**Entries provided**
══════════════════════════════

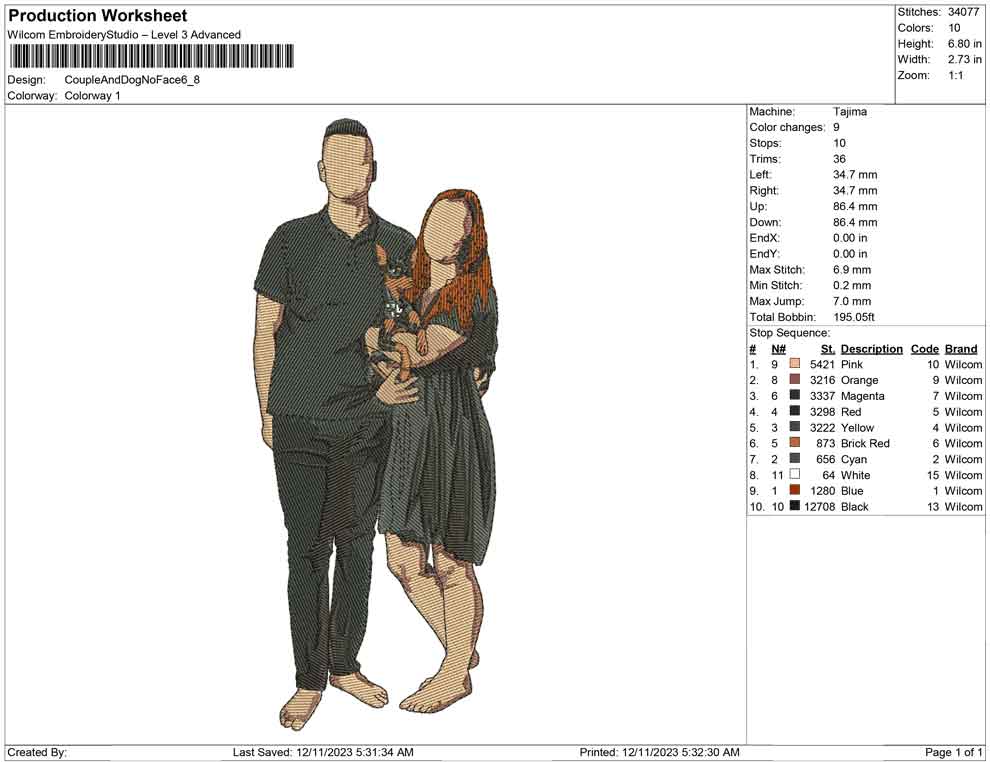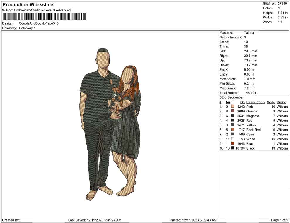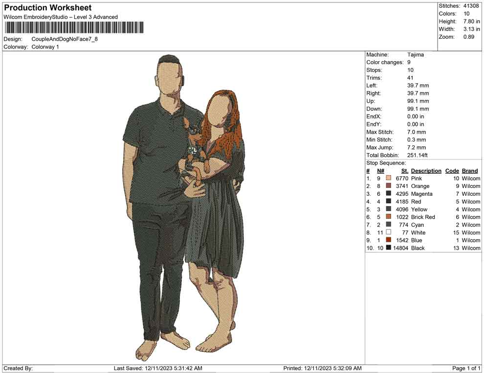 Couple and Dog no face embroidery design
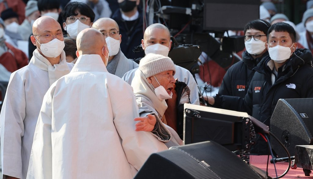 불교 승려대회를 반대하는 신도들과 실랑이 모습.
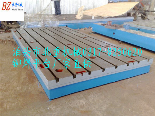 鑄鐵鉚焊平臺是鉚焊工作的基礎工作臺.北重鉚焊平臺為了滿足鉚焊工藝需求,鑄鐵平臺臺面加工縱向或橫向T型槽,適當位置加工圓孔,鉚焊平臺采用HT200-300灰鐵鑄造而成.鉚焊平臺臺面經過人工刮研處理.在鉚焊工作中其作用不容小視.使用鉚焊平臺運用到工作中,可提高工作效率,增強產品質量.
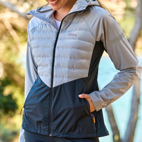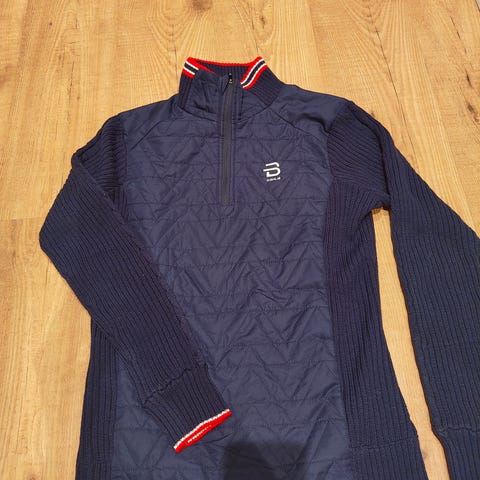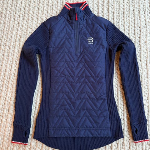 Björn Dæhlie Half zip ullgenser med rød quiltet front og hvite strikkede ermer. Laget for damebruk, kombinerer materialer for både isolasjon og bevegelsesfrihet. Str XL
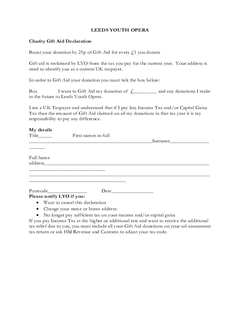 LEEDS YOUTH OPERA Charity Gift Aid Declaration Boost your donation by 25p of Gift Aid for every 1 you donate Gift aid is reclaimed by LYON from the tax you pay for the current year. Your address is
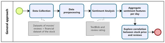 This investigation employs natural language processing (NLP) techniques [,]—as a prominent subfield within the realm of data sciences with several examples of applications—and sentiment analysis [,], which aims to determine the subjectivity and polarity of a provided text, in our case, the movie reviews, using TextBlob version 0.16.0, a Python-based tool that enables the implementation of several natural language processing (NLP) methodologies [,]. The ensuing sections of this paper are structured as follows: Section 2 describes the datasets collected and outlines our approach, which is centered around natural language processing (NLP) and sentiment analysis. Section 3 presents the results of sentiment analysis and the investigation of stock values during the release periods of movies. The discussion subsection covers the examination and analysis of these results, and the research is finalized in the Conclusions section.
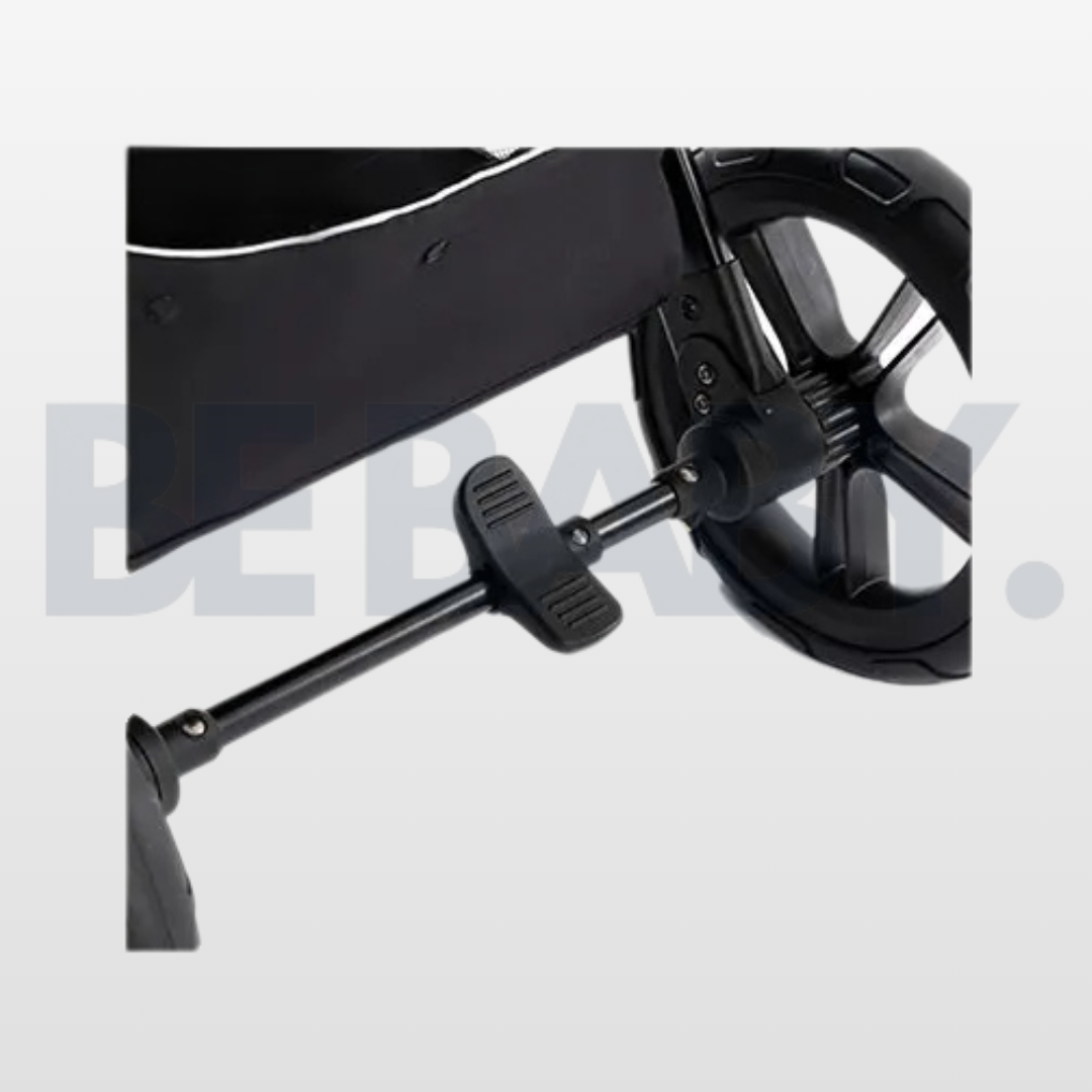 Kočioni mehanizam je dizajniran tako da ga možete aktivirati jednostavnim pritiskom noge, Ŕto osigurava maksimalnu praktičnost za roditelje.
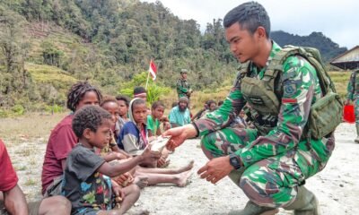 Peduli Dengan Sesama, Satgas Yonif Raider 321 Kostrad Berbagi Makanan Pada Masyarakat di Pedalaman Papua

══════════════════════════════

**Work required**
Above, find the line with "불교 승려대회를 반대하는 신도들과 실랑이 모습."; copy it and every line down to the line with "Björn Dæhlie Half", exactly and both included, but no pictures.

**Solved problem**
 불교 승려대회를 반대하는 신도들과 실랑이 모습.
 鑄鐵鉚焊平臺是鉚焊工作的基礎工作臺.北重鉚焊平臺為了滿足鉚焊工藝需求,鑄鐵平臺臺面加工縱向或橫向T型槽,適當位置加工圓孔,鉚焊平臺采用HT200-300灰鐵鑄造而成.鉚焊平臺臺面經過人工刮研處理.在鉚焊工作中其作用不容小視.使用鉚焊平臺運用到工作中,可提高工作效率,增強產品質量.
 Björn Dæhlie Half zip ullgenser med rød quiltet front og hvite strikkede ermer. Laget for damebruk, kombinerer materialer for både isolasjon og bevegelsesfrihet. Str XL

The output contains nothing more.